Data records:
=== Begin Enclosure ===

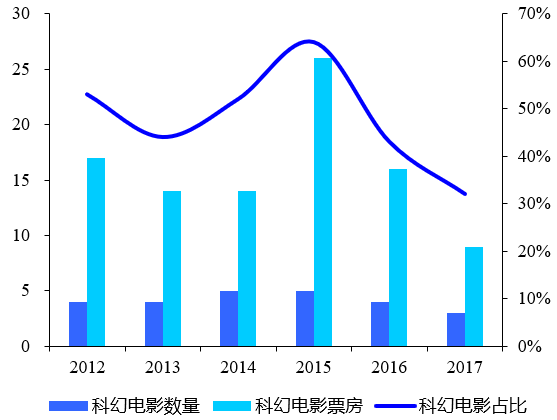 与此同时,科幻片多以3D、IMAX特效格式呈现,单票价较高,盛产头部影片。2012-2017年北美TOP10电影中科幻题材数量稳定在3-5部,票房占比约40%左右。
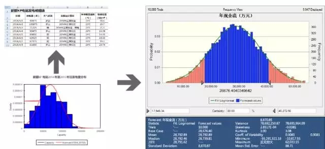 現(xiàn)金流分析:參照電站發(fā)電量的歷史數(shù)據(jù),運(yùn)用蒙特卡洛模擬預(yù)測(cè)現(xiàn)金流量的統(tǒng)計(jì)數(shù)據(jù)、波動(dòng)率與分布情況,從而評(píng)估收益風(fēng)險(xiǎn)。
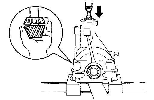 11. Tap pinion front/rear bearing outer races uniformly a brass rod or equivalent to removed.
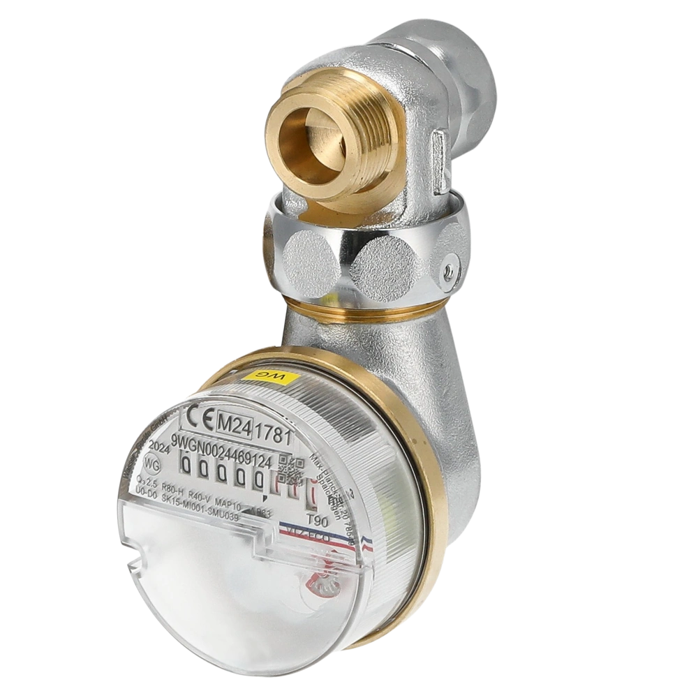 Gekalibreerde koud- en warmwatermeter voor montage tussen de S-aansluiting en mengkraan op badkuipen, douches en drukspoelers.
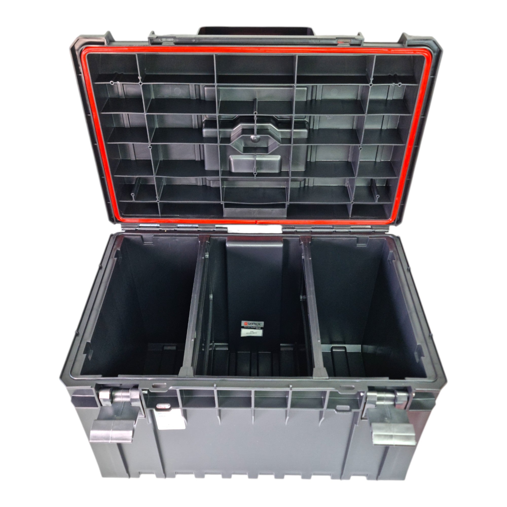 Walizka narzędziowa Qbrick System ONE 450 2.0 Basic o imponującej pojemności 52 litrów oferuje wystarczająco dużo miejsca na duże elektronarzędzia i narzędzia ręczne. Wewnątrz dwie regulowane przegrody zapewniają optymalną organizację i przejrzystość. Dzięki elastycznemu uszczelnieniu walizka jest w pełni chroniona przed wnikaniem pyłu i wody zgodnie z normą IP66, co czyni ją idealną do użytku w wymagających środowiskach pracy. Pokrywa Basic posiada funkcjonalne, niestandardowe wycięcie, które oferuje dodatkowe możliwości zastosowania. Wzmocniona konstrukcja pokrywy i korpusu zapewnia wysoką nośność do 50 kg i może wytrzymać nacisk 120 kg, dzięki czemu obudowa może być również używana jako solidna platforma robocza. Wersja 2.0 linii produktów ONE charakteryzuje się jeszcze bardziej stabilną konstrukcją i oferuje elastyczne opcje rozbudowy dzięki adaptacji do wkładek gwintowanych M8, aby spełnić indywidualne potrzeby użytkownika.
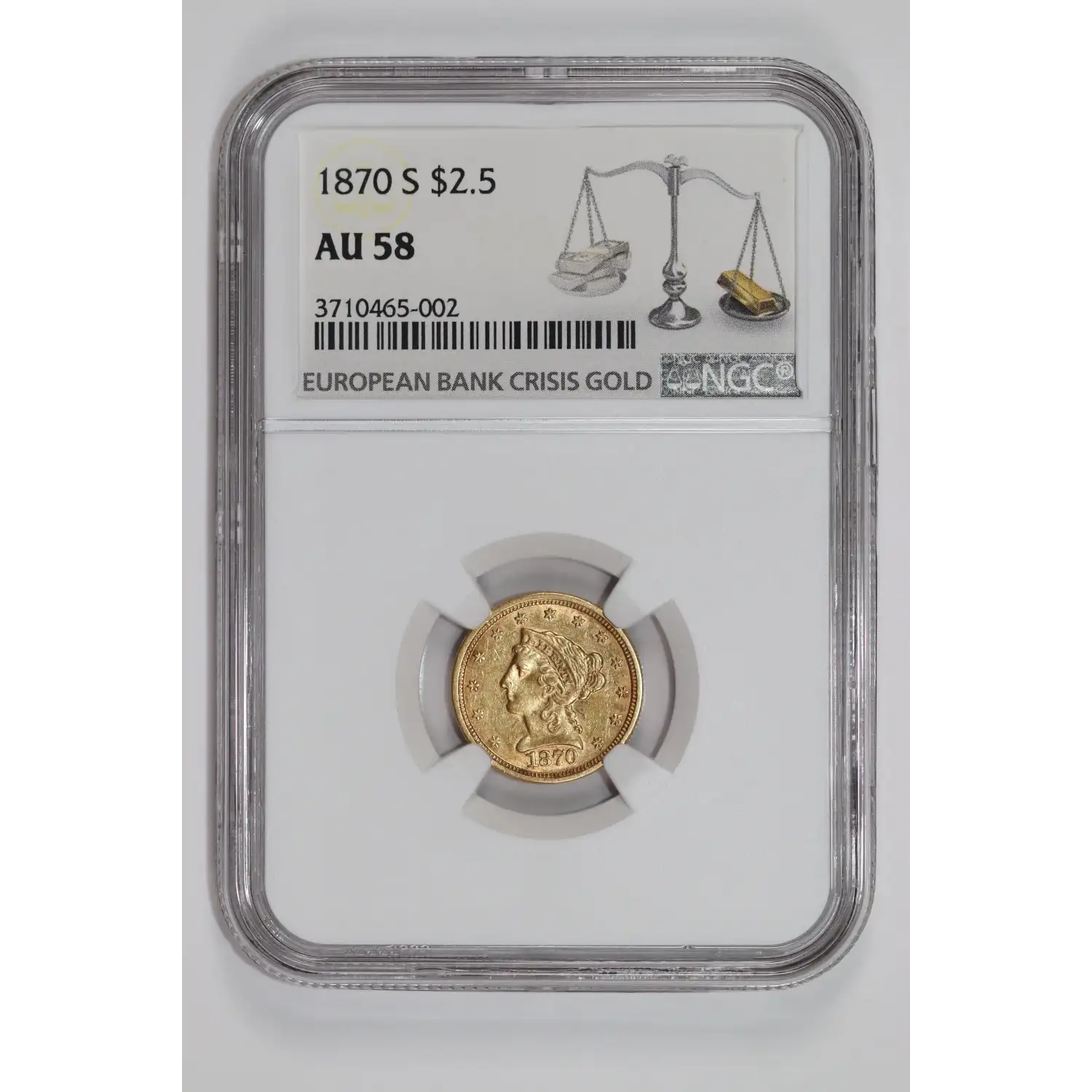 1870-S $2.5 GOLD LIBERTY QUARTER EAGLE NGC AU58

=== End Enclosure ===

# WHAT IS REQUIRED
An exact copy of every line above, minus the pictures, is the required output.

# TASK OUTPUT
 与此同时,科幻片多以3D、IMAX特效格式呈现,单票价较高,盛产头部影片。2012-2017年北美TOP10电影中科幻题材数量稳定在3-5部,票房占比约40%左右。
 現(xiàn)金流分析:參照電站發(fā)電量的歷史數(shù)據(jù),運(yùn)用蒙特卡洛模擬預(yù)測(cè)現(xiàn)金流量的統(tǒng)計(jì)數(shù)據(jù)、波動(dòng)率與分布情況,從而評(píng)估收益風(fēng)險(xiǎn)。
 11. Tap pinion front/rear bearing outer races uniformly a brass rod or equivalent to removed.
 Gekalibreerde koud- en warmwatermeter voor montage tussen de S-aansluiting en mengkraan op badkuipen, douches en drukspoelers.
 Walizka narzędziowa Qbrick System ONE 450 2.0 Basic o imponującej pojemności 52 litrów oferuje wystarczająco dużo miejsca na duże elektronarzędzia i narzędzia ręczne. Wewnątrz dwie regulowane przegrody zapewniają optymalną organizację i przejrzystość. Dzięki elastycznemu uszczelnieniu walizka jest w pełni chroniona przed wnikaniem pyłu i wody zgodnie z normą IP66, co czyni ją idealną do użytku w wymagających środowiskach pracy. Pokrywa Basic posiada funkcjonalne, niestandardowe wycięcie, które oferuje dodatkowe możliwości zastosowania. Wzmocniona konstrukcja pokrywy i korpusu zapewnia wysoką nośność do 50 kg i może wytrzymać nacisk 120 kg, dzięki czemu obudowa może być również używana jako solidna platforma robocza. Wersja 2.0 linii produktów ONE charakteryzuje się jeszcze bardziej stabilną konstrukcją i oferuje elastyczne opcje rozbudowy dzięki adaptacji do wkładek gwintowanych M8, aby spełnić indywidualne potrzeby użytkownika.
 1870-S $2.5 GOLD LIBERTY QUARTER EAGLE NGC AU58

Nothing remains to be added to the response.